MATERIAL PROVIDED:

__________________________________________________

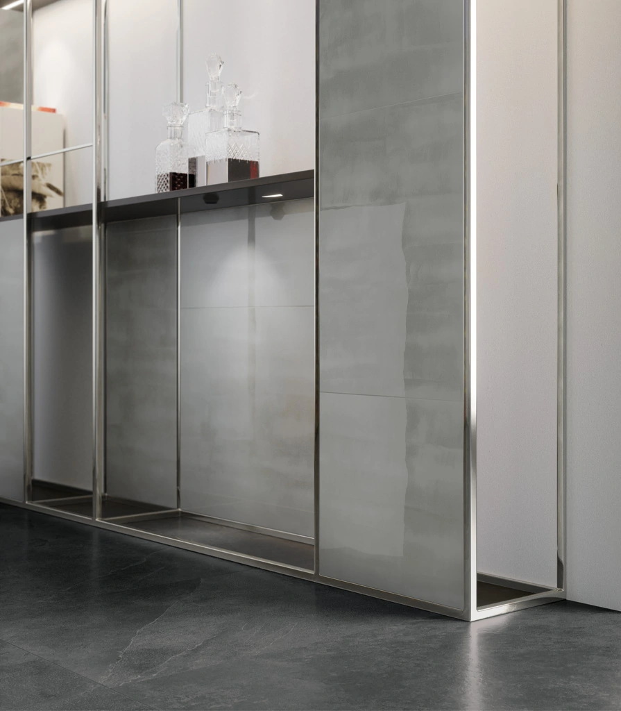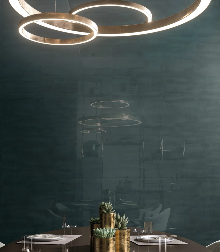 Uno stile che gioca sui riflessi e sulla continuità compositiva per un living ultra-contemporaneo. L’uso dei grandi formati a pavimento e rivestimento dona un senso di spazialità all’ambiente, mentre il design si fa accattivante con la contaminazione fra finitura cerata ed effetto vetro della serie Surface. La collezione Materia di Italon è progettata per esaltare le più innovative potenzialità estetiche del gres porcellanato e per supportare le idee del design contemporaneo.
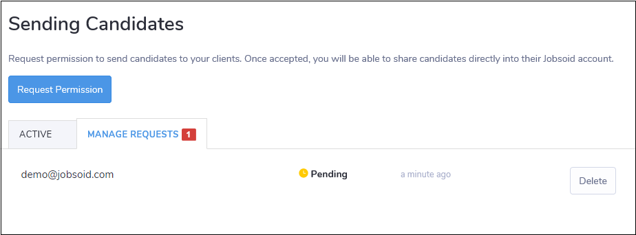 All the requests will be shown under the Manage Requests tab under Sending Candidates section. You can delete your request any time by clicking on Delete button.
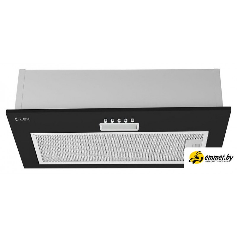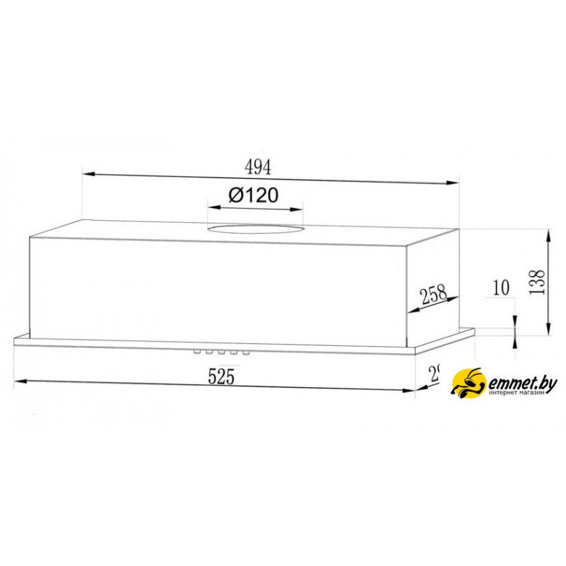 конструкция скрытая, монтаж для встраивания, ширина 52.5 см, управление механическое/кнопочное, производительность мотора 500 м³/ч, цвет черный

__________________________________________________

EXERCISE OBJECTIVE: Keep the pictures out of the copy and write out the data exactly as it stands.

ANSWER AREA:
 Uno stile che gioca sui riflessi e sulla continuità compositiva per un living ultra-contemporaneo. L’uso dei grandi formati a pavimento e rivestimento dona un senso di spazialità all’ambiente, mentre il design si fa accattivante con la contaminazione fra finitura cerata ed effetto vetro della serie Surface. La collezione Materia di Italon è progettata per esaltare le più innovative potenzialità estetiche del gres porcellanato e per supportare le idee del design contemporaneo.
 All the requests will be shown under the Manage Requests tab under Sending Candidates section. You can delete your request any time by clicking on Delete button.
 конструкция скрытая, монтаж для встраивания, ширина 52.5 см, управление механическое/кнопочное, производительность мотора 500 м³/ч, цвет черный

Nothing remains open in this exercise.